19. And they took him, etc.] Some translate, 'And they arrested him and brought him before the court of the Areopagus.' But there is no indication in St. Paul's speech that he was on his trial, or that any judgment was passed upon him (Acts 17:32). We prefer, therefore, the rendering, 'And they took him by the hand, and brought him to the Hill of Ares' (Mars' Hill). The Hill of Ares, or Areopagus, is an eminence situated nearly due W. of the Acropolis. Here, from early times, the Court of the Areopagus met in the open air. The court was not sitting, so that the place was available for a quiet lecture and discussion.

22-32. Paul's speech. It is discreet and to the point. It deals not with the OT., with which his hearers were unacquainted, but with the truths of natural religion, many of which were understood (though only partially) by the Athenian philosophers (cp. the speech at Lystra, Acts 14:15.).

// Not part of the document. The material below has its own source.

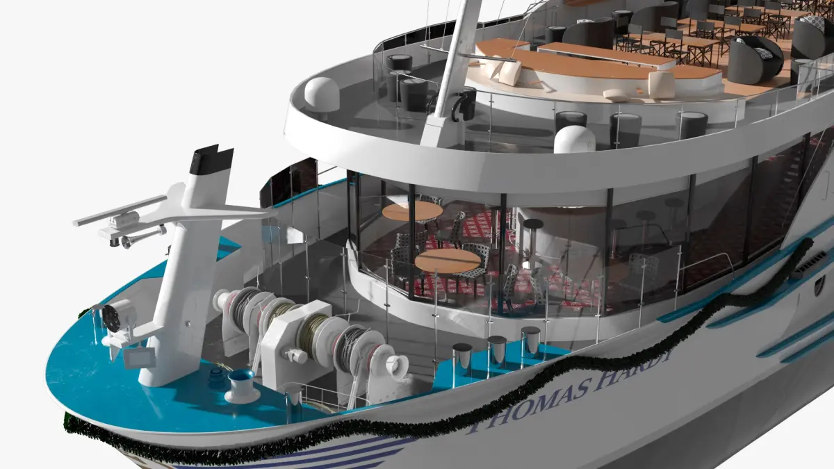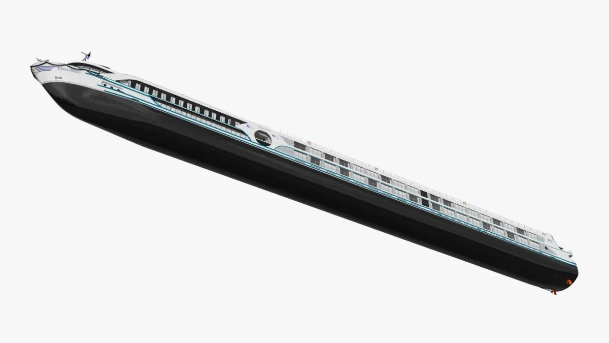 This model showcases a modern and sleek design with expansive decks, elegant dining areas, and panoramic windows for uninterrupted views. The ship features spacious cabins, a sun deck with comfortable seating, and a stylish lounge area, combining comfort with sophistication for an unforgettable cruising experience.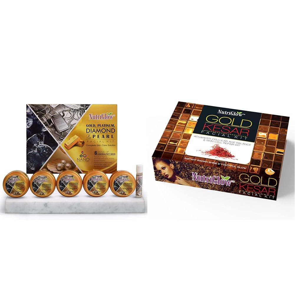 NutriGlowPlatinum Diamond Gold and Pearl Facial kit 6-Pieces Skin Care Kit Gold Kesar Facial Kit for Women| 6-Piece Skin Care/Skin Cleanup Set | Targets Signs of Aging | 250g + 10ml

22. Too superstitious] rather, 'more religious' (than other men). Both senses are possible, but the tactful apostle would be more likely to begin his speech with a compliment than with a reproach.

23. Your devotions] RV 'the objects of your worship.'

TO THE UNKNOWN GOD] RV 'To an unknown God.' Several ancient writers mention such altars. Pausanias speaks of 'altars of known (lit. 'named') and unknown gods and heroes.' Philostratus says, 'It is more prudent to speak well of all gods, especially at Athens, where altars are erected even to unknown gods.' At Athens during a plague Epimenides let loose at the Areopagus black and white sheep, and commanded the Athenians to sacrifice 'to the proper god,' wherever the sheep lay down. Often 'the proper god' could not be clearly ascertained, and so an altar was raised to an unknown god. The inscription (as St. Paul probably knew) had a purely pagan meaning; but the phrase was a fine one; it was capable of a higher sense, and in this higher sense St. Paul made it the text of his sermon.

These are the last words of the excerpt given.